2. For ministers, again, what is ministerial success? Crowded churches, full aisles, attentive congregations, the approval of the religious world—much impression produced? Elijah thought so: and when he found out his mistake, and discovered that the applause on Mount Carmel subsided in hideous stillness, his heart well-nigh broke with disappointment. Ministerial success lies in altered lives and obedient, humble hearts: unseen work recognized in the Judgment Day.
3. Get below appearances, below glitter and show. Plant your foot upon reality; not in the jubilee of the myriads on Carmel, but in the humble silence of the hearts of the seven thousand, lay the proof that Elijah had not lived in vain.—F. W. Robertson.

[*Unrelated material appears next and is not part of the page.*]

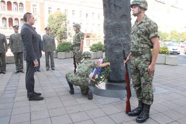 Београд, 17. август 2016. године – Министар за рад, запошљавање, борачка и социјална питања у Влади Републике Србије Александар Вулин предводио је данас државну церемонију полагања венаца и одавања почасти, којом је обележена 75-годишњица злочина на Теразијама који су над цивилима починиле окупационе снаге.
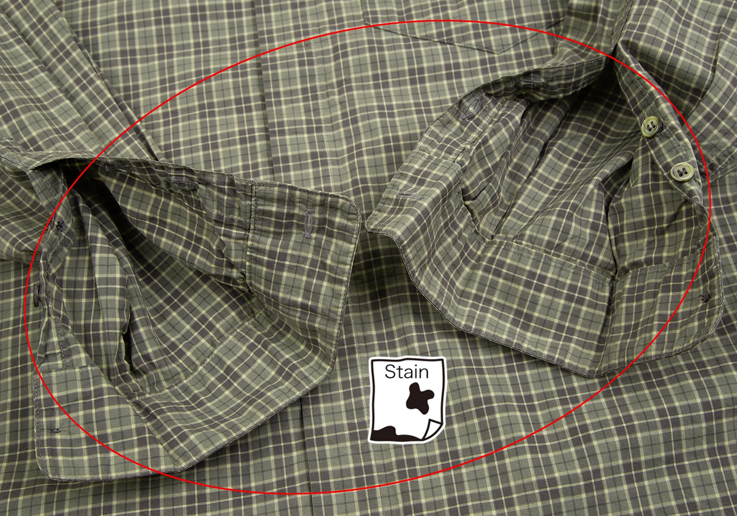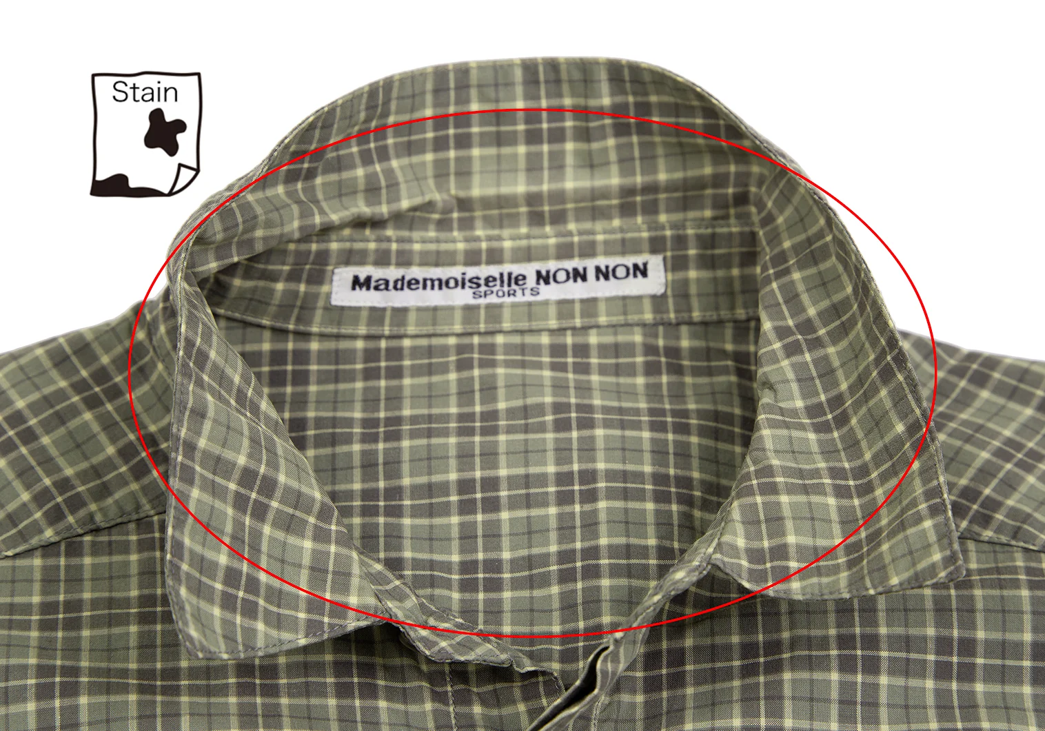 襟元・袖口に汚れ、前身頃にシミがあります(写真参照)その他目立ったシミ、汚れ、ほつれ等なくいい状態です。クリーニング済み

THE SUBDUING POWER OF THE DIVINE WHISPER
Elijah hastened first to the court to find the queen overwhelmed with defeat and humiliation; but Jezebel, so far from being terrified into conviction by the appalling wonders of Carmel, was preparing to take his life. This was so heavy and sudden a blow to Elijah’s faith in the converting power of judgments, that courage and dignity forsook him for a time, and he fled like a frighted deer because a woman had threatened him! An angel of God found him in the wilderness of Beersheba, lying under a juniper tree, bitterly complaining of his lot, and praying the Lord to take his life. It was now that Jehovah explained to His servant, by the impressive signs described in these verses, that power might avenge and destroy, but could not win; that the silent intellectual process of instruction and spiritual influence can alone reach the heart, and change the man. The theatre of these signs was Horeb, celebrated of old for displays of the Divine terrors. Here Moses saw the flaming majesty of the I AM in the bush. Here was Sinai, the mount that might be touched, that burned with fire, and trembled when the trump of God gave forth the voice of words. Recalling these events, and impressed by these associations, Elijah, after a journey of forty days, drew near to this Horeb, the mount of God; and, entering a cave or grot hollowed out in one of its sides, he lodged there. There God found him. “What dost thou here, Elijah?” The prophet answered, in a distempered mood, that he had been jealous for the Lord of Hosts: that in spite of all he had done to reclaim Israel, the Divine covenants were yet broken, the altars profaned, the prophets slain, and himself, the sole remaining witness for the truth, they were seeking to destroy. Then the Lord commanded the melancholy and despairing seer to ascend to the top of the mount; and while he stood there, surrounded by bleak and barren hills, fit images of power and desolation, the Lord passed by in a succession of grand and suggestive phenomena. There were four signs; of which three were material, and the fourth intellectual.
1. A strong wind swept by, rending the imbedded cliffs of Horeb, and scattering them like stubble. The stormy soul of Elijah found a congenial element in this untamed and mighty agent; and he, perhaps, wished he could ride upon its wings, turn its head toward Samaria, and demolish the usurpation of Baal. But while he watched for some particular appearance to indicate the presence of Jehovah, some strange glory or voice, to show that the hurricane was a fit chariot for the career of God, the storm fell; and the prophet knew that the Lord was not in the wind.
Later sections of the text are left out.